Drivers of nitrogen and phosphorus dynamics in a groundwater-fed urban catchment revealed by high-frequency monitoring

Abstract

Abstract. Eutrophication of water bodies has been a problem causing severe degradation of water quality in cities. To gain mechanistic understanding of the temporal dynamics of nitrogen and phosphorus in a groundwater fed low-lying urban polder, we applied high frequency monitoring in Geuzenveld, a polder in the city of Amsterdam. The high frequency monitoring equipment was installed at the pumping station where water leaves the polder. From 2016 March to 2017 June, total phosphorus (TP), ammonium (NH4), turbidity, electrical conductivity (EC), and water temperature were measured at intervals smaller than 20 minutes. This paper discusses the results at three time scales: annual scale, rain event scale, and single pumping event scale. Mixing of upwelling groundwater and runoff was the dominant hydrological process and governed the temporal pattern of the EC, while N and P fluxes from the polder were also significantly regulated by primary production and iron transformations. The mixing of groundwater and runoff water governed water quality through variation of the intensity and duration of the events. For NH4, the dominant form of N in surface water originating from groundwater seepage, we observed low concentrations during the algae growing season, while concentrations were governed by mixing of groundwater and precipitation inputs in the late autumn and winter.
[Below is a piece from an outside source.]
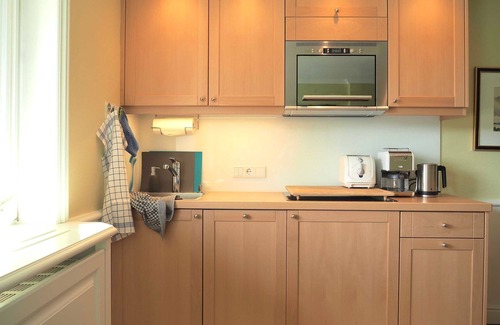 In the living room (with SmartTV, DVD player u. WLAN) is integrated a complete kitchenette with dishwasher, microwave, coffee maker, hot water kettle u. Toaster.
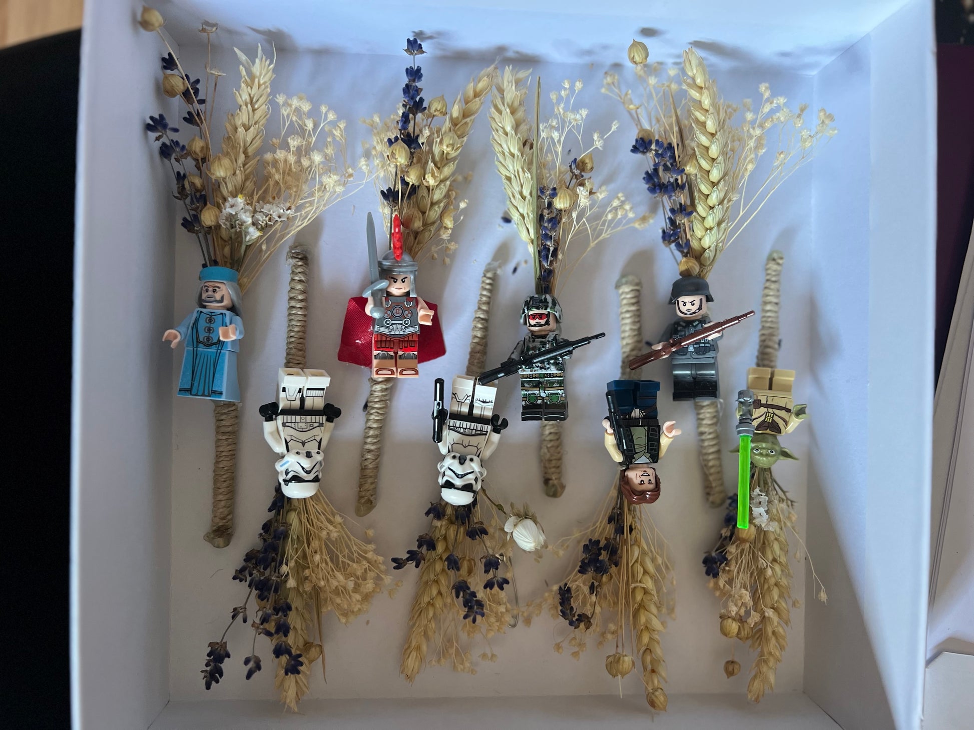 Las muestras que tenemos son con figuritas de bloques de construcción, pero también los estamos empezando a hacer con otro tipo de muñecos y/o figuras.

The depletion of dissolved NH4 in spring suggests uptake by primary producers, consistent with high chlorophyll-a, O2, and suspended solids during this period. Total P and turbidity were high during winter, due to the release of reduced iron and P from anoxic sediment to the water column. Rapid Fe2+ oxidation in the water column is the major cause of turbidity. In the other seasons, P is retained in the sediment by iron oxides. Nitrogen is exported from the polder to the downstream water bodies throughout the whole year, mostly in the form of NH4, but as organic N in spring. P leaves the polder mainly during winter, primarily associated with Fe(OH)3 colloids and as dissolved P. Based on this new understanding of the dynamics of N and P in this low lying urban catchment, it is possible to formulate management strategies that can effectively control and reduce eutrophication situation in urban polders and receiving downstream waters.